A model object. Can be a linear mixed effects model or generalized
linear mixed effects model (as fitted with lmer() and glmer()
function in the lme4 package) or a linear normal model or a
generalized linear model. The largeModel must be larger than
smallModel (see below).
smallModel
A model of the same type as largeModel or a restriction
matrix.
nsim
The number of simulations to form the reference distribution.
ref
Vector containing samples from the reference distribution. If NULL,
this vector will be generated using PBrefdist().
seed
A seed that will be passed to the simulation of new datasets.
cl
A vector identifying a cluster; used for
calculating the reference distribution using several cores. See
examples below.
details
The amount of output produced. Mainly relevant for debugging
purposes.
Details
The model object must be fitted with maximum likelihood (i.e. with
REML=FALSE). If the object is fitted with restricted maximum
likelihood (i.e. with
REML=TRUE) then the model is refitted with REML=FALSE
before the p-values are calculated. Put differently, the user needs
not worry about this issue.
Under the fitted hypothesis (i.e. under the fitted small model)
nsim samples of the likelihood ratio test statistic (LRT) are
generetated.
Then p-values are calculated as follows:
LRT: Assuming that LRT has a chi-square distribution.
PBtest: The fraction of simulated LRT-values that are larger or equal
to the observed LRT value.
Bartlett: A Bartlett correction is of LRT is calculated from the mean
of the simulated LRT-values
Gamma: The reference distribution of LRT is assumed to be a gamma
distribution with mean and variance determined as the sample mean and
sample variance of the simulated LRT-values.
F: The LRT divided by the number of degrees of freedom is assumed to
be F-distributed, where the denominator degrees of freedom are
determined by matching the first moment of the reference
distribution.
Note
It can happen that some values of the LRT statistic in the
reference distribution are negative. When
this happens one will see that the number of used samples (those where
the LRT is positive) are reported (this number is smaller than the
requested number of samples).
In theory one can not have a negative value of the LRT statistic but
in practice on can: We speculate that the reason is as follows: We
simulate data under the small model and fit both the small and the
large model to the simulated data. Therefore the large model
represents - by definition - an overfit; the model has superfluous
parameters in it. Therefore the fit of the two models will for some
simulated datasets be very similar resulting in similar values of the
log-likelihood. There is no guarantee that the the log-likelihood for
the large model in practice always will be larger than for the
small (convergence problems and other numerical issues can play a role
here).
To look further into the problem, one can use the PBrefdist()

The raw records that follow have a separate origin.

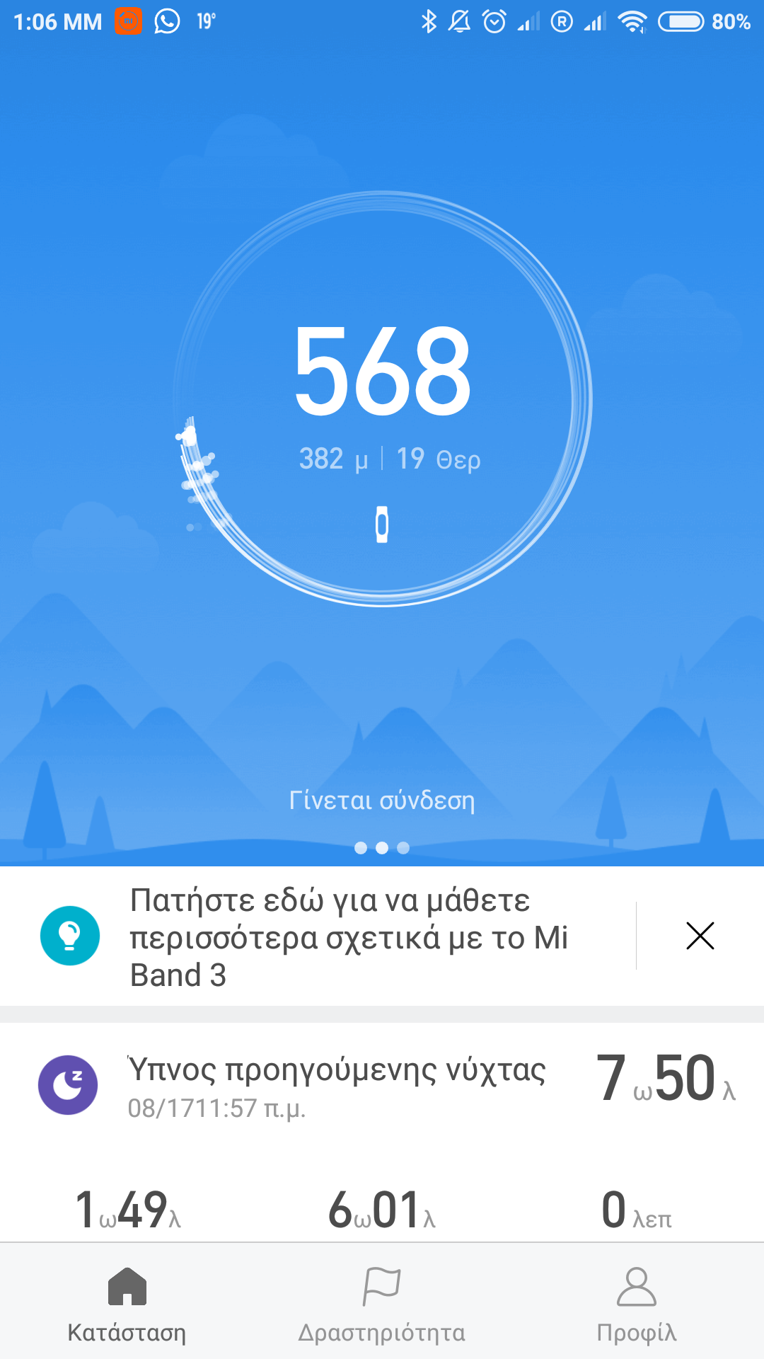 10) Με το που ολοκληρωθεί το Update θα ανοίξει αυτόματα το Mi Fit και θα κάνει προσπάθεια να συνδεθεί με το Mi Band. Σε εμένα πήρε 2-3 λεπτά για να γίνει η σύνδεση.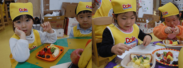 심장에 좋은 딸기, 나쁜 세균을 물리치는 바나나, 응가를 잘나오게하는 노란 파인애플,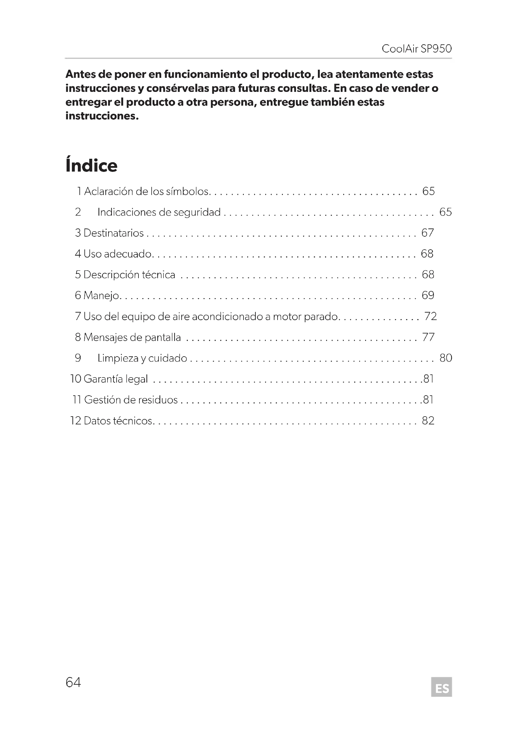 - Antes de poner en funcionamiento el producto, lea atentamente estas instrucciones y consérvelas para futuras consultas. En caso de vender o entregar el producto a otra persona, entregue también estas instrucciones. Índice 1 Aclaración de los símbolos p. 65
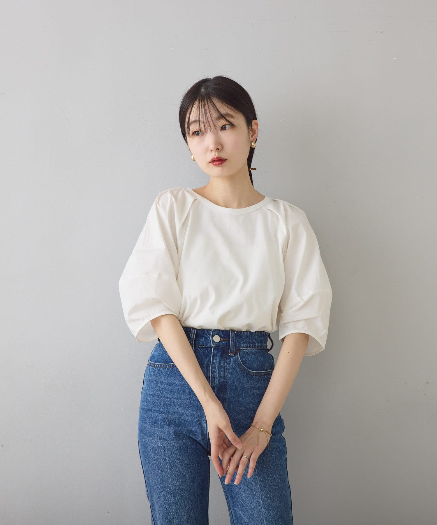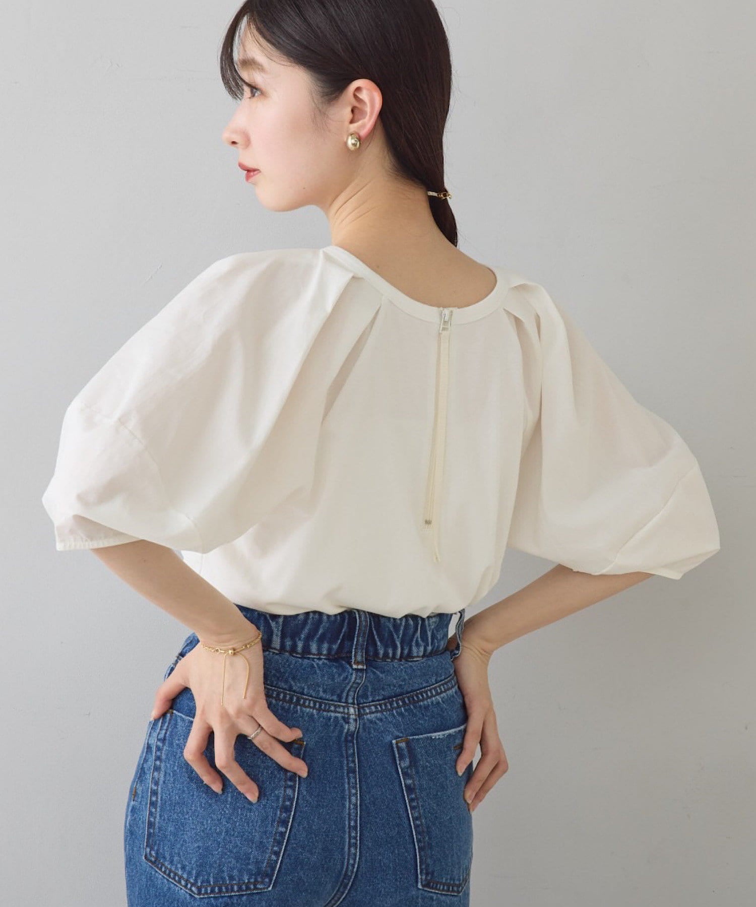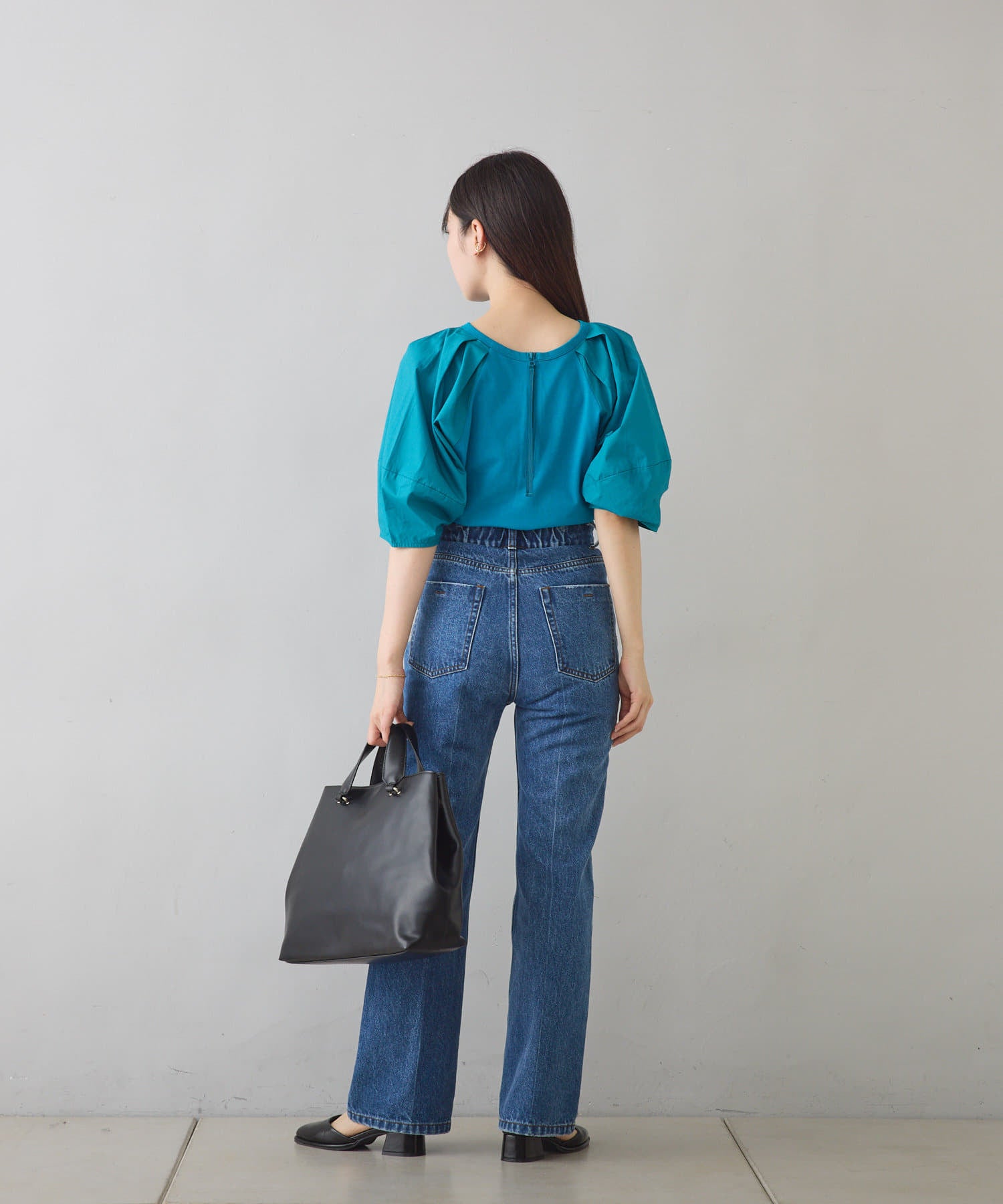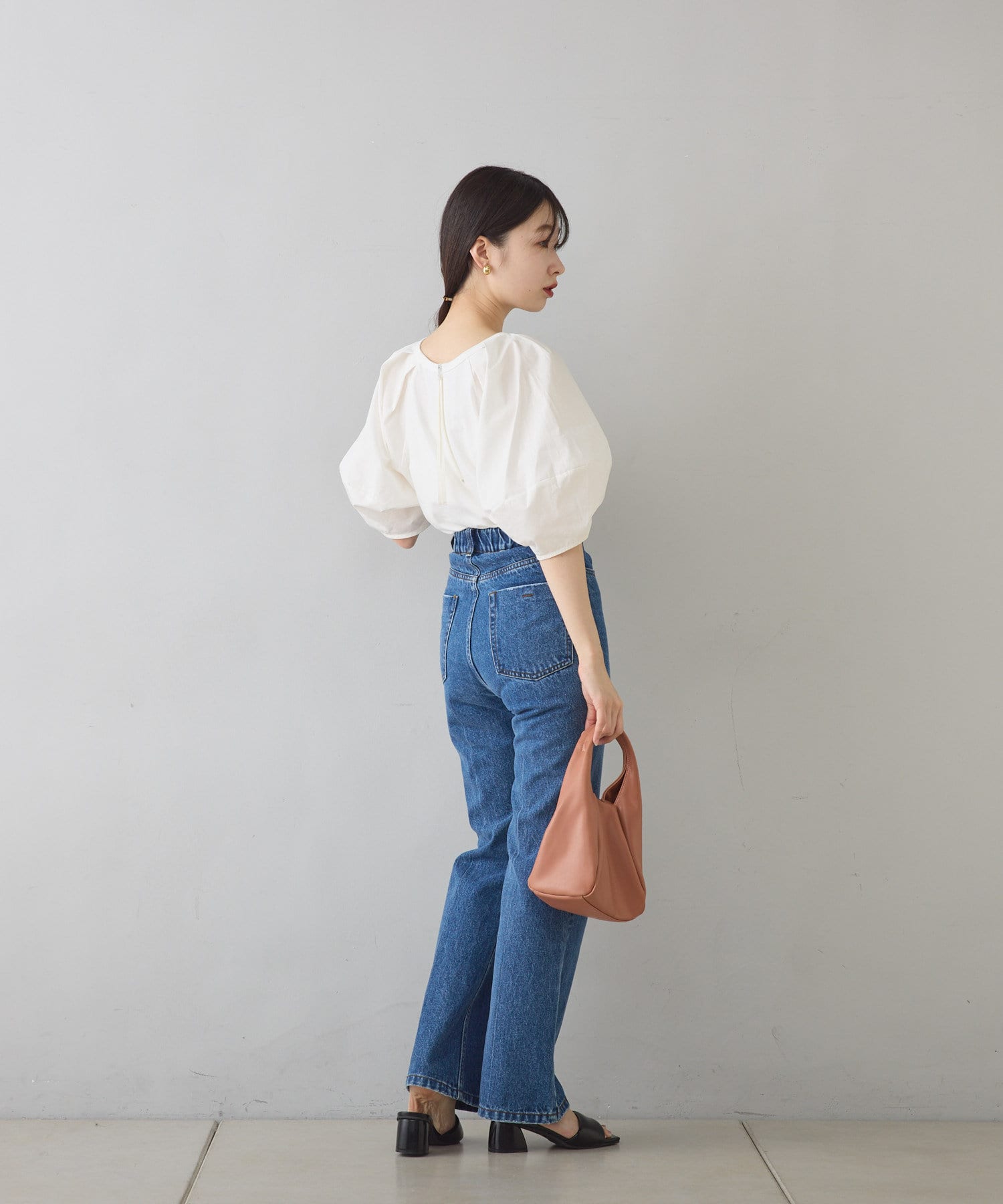蓬鬆的袖子是這件上衣的亮點,因此可以搭配簡單的牛仔下裝,讓你看起來更摩登。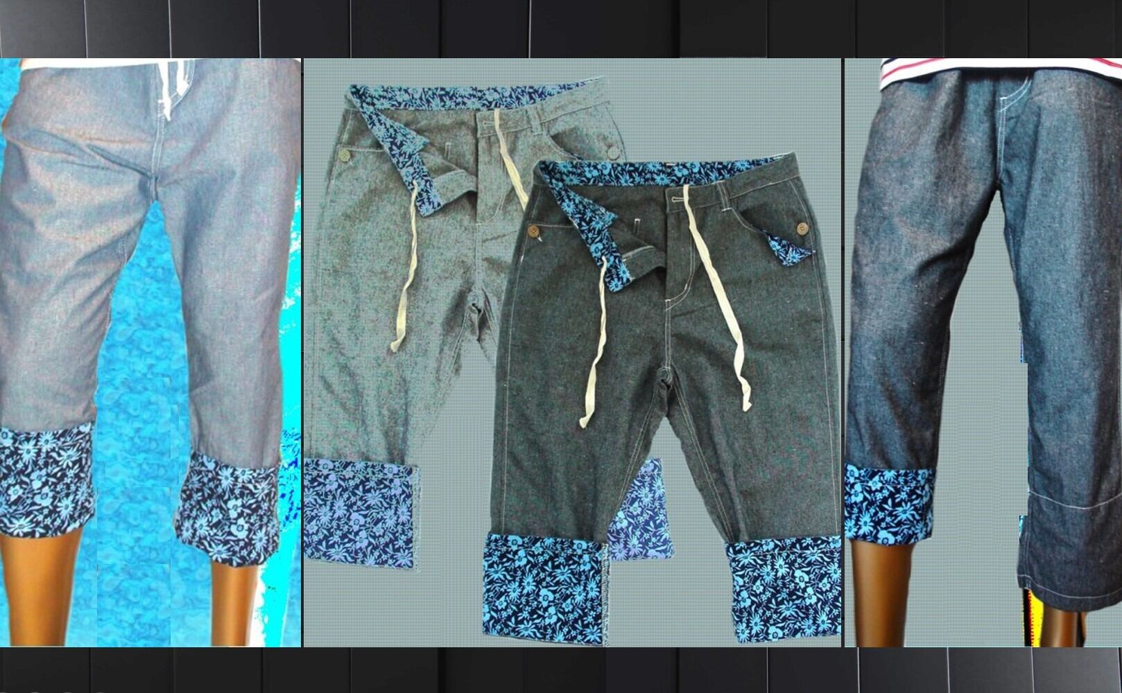 切り替え部分の花柄が鮮やかなシャンブレークロップドパンツです。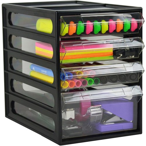 Italplast 4 Drawer Office Organiser Cabinet 255L x 165W x 230mmH Black

function for simulating the reference distribution (this reference
distribution can be provided as input to PBmodcomp()). Inspection
sometimes reveals that while many values are negative, they are
numerically very small. In this case one may try to replace the
negative values by a small positive value and then invoke
PBmodcomp() to get some idea about how strong influence there
is on the resulting p-values. (The p-values get smaller this way
compared to the case when only the originally positive values are
used).
Ulrich Halekoh, S<c3><b8>ren H<c3><b8>jsgaard (2014)., A Kenward-Roger
Approximation and Parametric Bootstrap Methods for Tests in Linear
Mixed Models - The R Package pbkrtest., Journal of Statistical
Software, 58(10), 1-30., http://www.jstatsoft.org/v59/i09/
See Also
KRmodcompPBrefdist
Examples
data(beets, package="pbkrtest")
head(beets)
## Linear mixed effects model:
sug <- lmer(sugpct ~ block + sow + harvest + (1|block:harvest), data=beets, REML=FALSE)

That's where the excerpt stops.